Over half of immigration detainees enduring ‘pointless cruelty’ before being released

More than half of the people held in an immigration detention centre during a six-month period were then released back into the community instead of being deported.

Campaigners branded the detention “pointless cruelty” and a waste of taxpayer funds as the figure was revealed in a report about Brook House Immigration Removal Centre by the chief inspector of prisons.

Between October and March, 1,901 detainees left the centre.
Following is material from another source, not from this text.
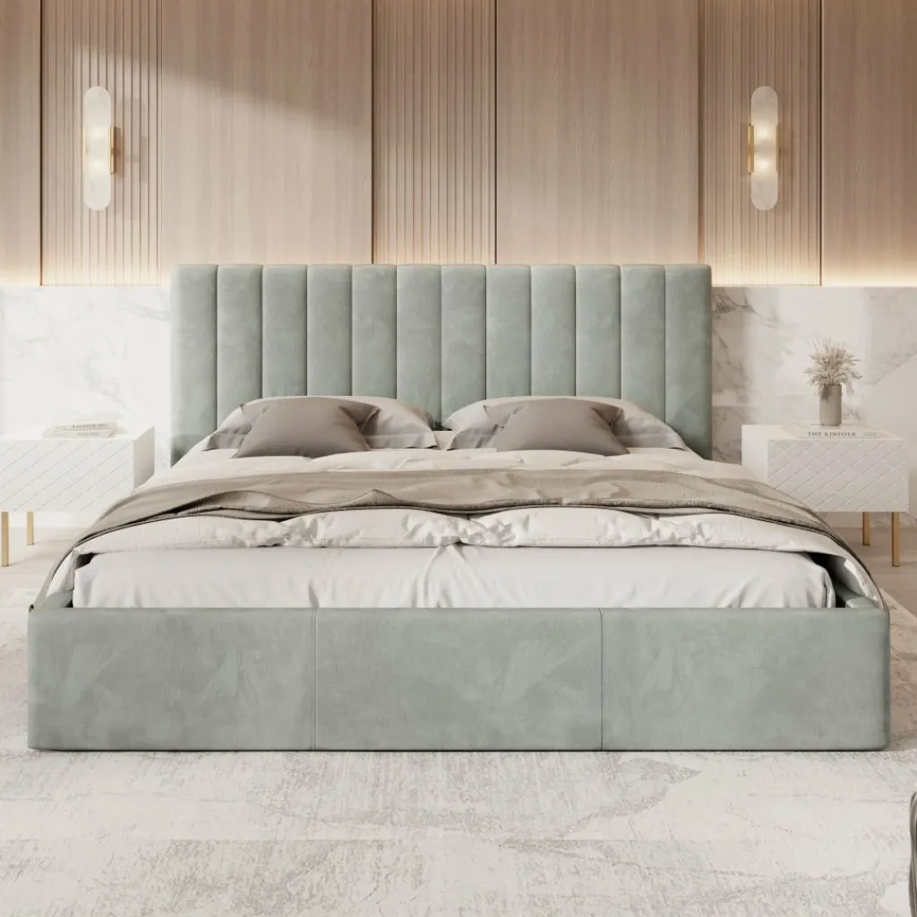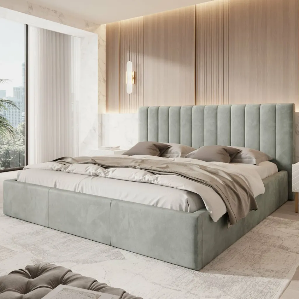 Tweepersoonsbed Chief is een modern bed in grijze kleur, volledig bekleed met een sterke en onderhoudsvriendelijke velvet stof. Het hoofdbord is voorzien van verticale siernaden, wat het bed een elegante uitstraling geeft.

Of these, 742 were deported from the UK but more – 858 – were released into the community while 301 were transferred to other detention centres, Peter Clarke’s report said.
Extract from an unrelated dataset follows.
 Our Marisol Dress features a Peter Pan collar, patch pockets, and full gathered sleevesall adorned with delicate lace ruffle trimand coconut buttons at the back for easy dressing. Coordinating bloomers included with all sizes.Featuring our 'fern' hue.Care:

Rudy Schulkind, research and policy co-ordinator at charity Bail for Immigration Detainees (BID), told the PA news agency: “Not only is immigration detention excessively harmful and expensive, but it consistently fails to achieve its stated purpose.

“The Home Office tells us time and again that detention is only used as a last resort to effect removal, but these figures tell a different story.

“Putting people through the trauma of detention only to release them again weeks, months or years later is pointless cruelty by a government department that urgently needs to be restrained.

“In no other context is the deprivation of liberty treated so casually.”

Speaking to PA, James Wilson, acting director of Detention Action, said it showed the detention had served “no purpose” and “wasted taxpayer money” when those held are released into the community afterwards.

He added: “This is what happens when the government operates a system with no statutory criteria for who gets locked up, no time limit and Home Office officials making the decisions without proper oversight from judges.”

Mr Wilson accused the Government of failing to listen to “sensible reforms” that had already been proposed by MPs, adding: “This report notes a number of welcome improvements within Brook House itself, but is yet another damning indictment of the government’s controversial policy of indefinite immigration detention.”

Inspectors found the average length of detention had “markedly declined” with fewer detainees being held and for shorter periods.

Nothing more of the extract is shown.